Бесконечное состязание мужчины и женщины влечет за собой соперничество дома и таверны — или, как мы сказали бы сегодня, клуба. У Плавта, который склонен к большой свободе в удовольствиях, это противопоставление подчеркнуто. Теренций, представив более подобающую концепцию женской природы и семейной жизни, подготовил путь для более равноправного общения между мужчиной и женщиной. Однако только в улучшенных условиях современной семейной и социальной жизни словесная дуэль полов в комедии стала острой и блестящей.
Другое и примитивное отношение, отношение старого и молодого, или, в его особой форме, отца и ребенка, в полной мере демонстрирует свои возможности для веселья на комической сцене. В новой аттической комедии, как нам говорят, изображения стариков стали частыми, то как суровых и алчных, то как любящих и нежных. Контраст сурового «правителя» и любящего «папаши», который мы видели проиллюстрированным у Теренция и Мольера, ясно указывает на тот факт, что комедия, как игра, предназначенная специально для веселой молодежи, благоволит делу сына и стремится ослабить отцовские вожжи.

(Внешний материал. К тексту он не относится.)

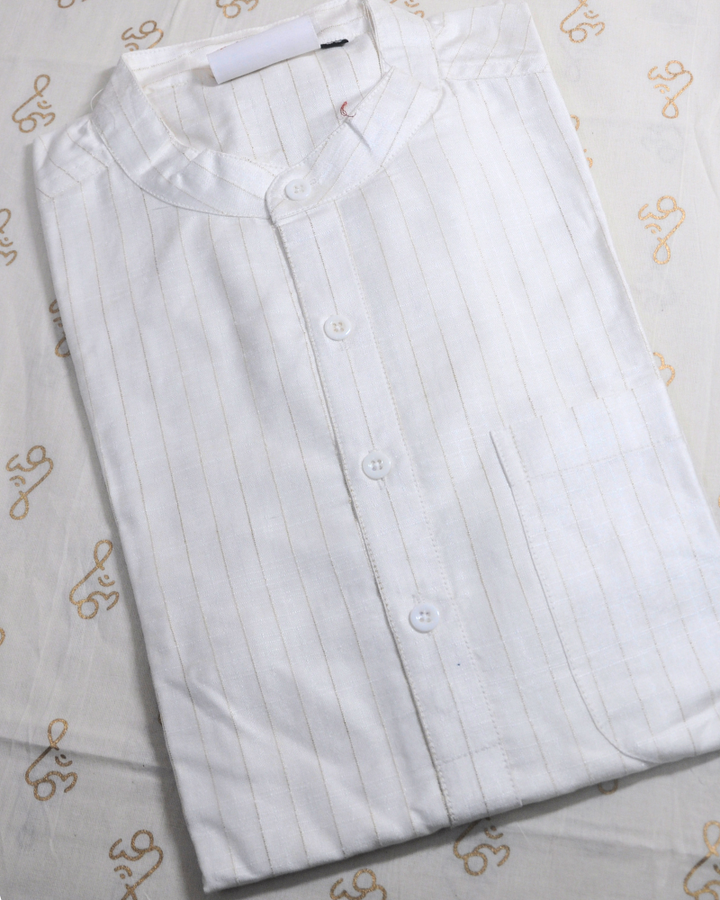 Men’s Silk Viscose Kurta with Woven Self-Stripes – Off White

Точно так же, как слишком тяжелое правление отца комедия склонна со смехом отодвигать в сторону, так же обстоит дело и с правлением хозяина. Интригующий, обманывающий слуга латинской комедии — предок многих домашних мошенников, вплоть до мистера Моргана, чье внезапное исчезновение оплакивал майор Пенденнис. Одураченный хозяин, подобно одураченному мужу, — комическая фигура, вызывающая лишь небольшую жалость; возможно, потому, что взятие верх над власть имущим его подчиненным никогда не лишено приятного вида веселого уравнивания вещей. Другие «юморы» социальных групп, например, торговца, ростовщика и их клиентов, как было предложено в более ранней главе, отражены в комедии.
Тот же привкус веселья, то же родство с детской игрой узнаваемы в речи комической сцены. Игра слов здесь — лишь более легкая интерлюдия в том, что в целом имеет много общего с характером игры, состязанием острых как шпаги языков в комическом диалоге.

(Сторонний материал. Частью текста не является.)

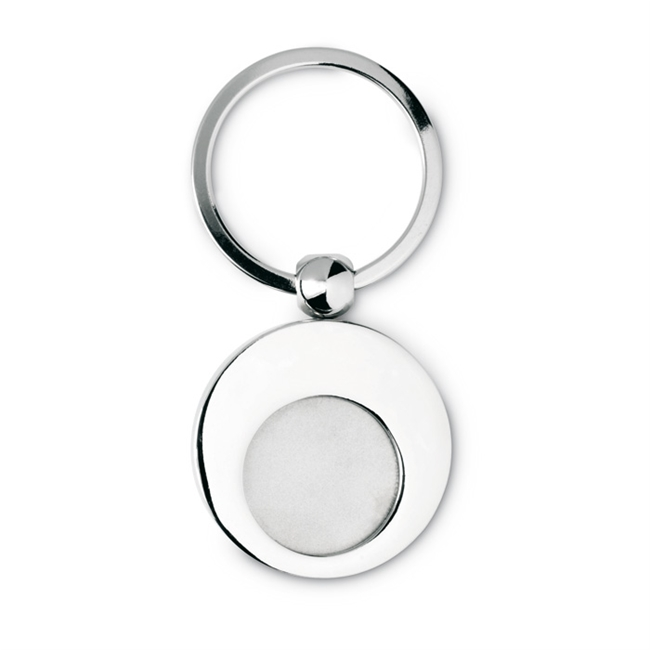 Ronde metalen sleutelhanger met binnenin een winkelwagenmuntje. Ideaal voor de supermarkt.

Люди веско писали о природе остроумия и его отношении к интеллекту в целом и к юмору. Их рассуждения едва ли улавливают его более тонкий дух. Локк начал дискуссию своим известным различием между остроумием и суждением, где первое состоит в сведении идей с быстротой и разнообразием, в которых можно найти какое-либо сходство или соответствие; второе — в различении и разделении идей. Аддисон, который в основном принимает это определение, вынужден добавить, что, хотя остроумие обычно порождается сходством и соответствием идей, оно очень часто порождается их противопоставлением. Хэзлитт следует за Аддисоном, включая сходство и противопоставление. Остроумие, по его словам, «есть произвольное сопоставление диссонирующих идей для какой-либо живой цели уподобления или контраста, обычно того и другого». Все это, хотя и намекает на особый способ интеллектуальной деятельности, не попадает в цель, занимаясь в основном вопросом особого рода отношения идей.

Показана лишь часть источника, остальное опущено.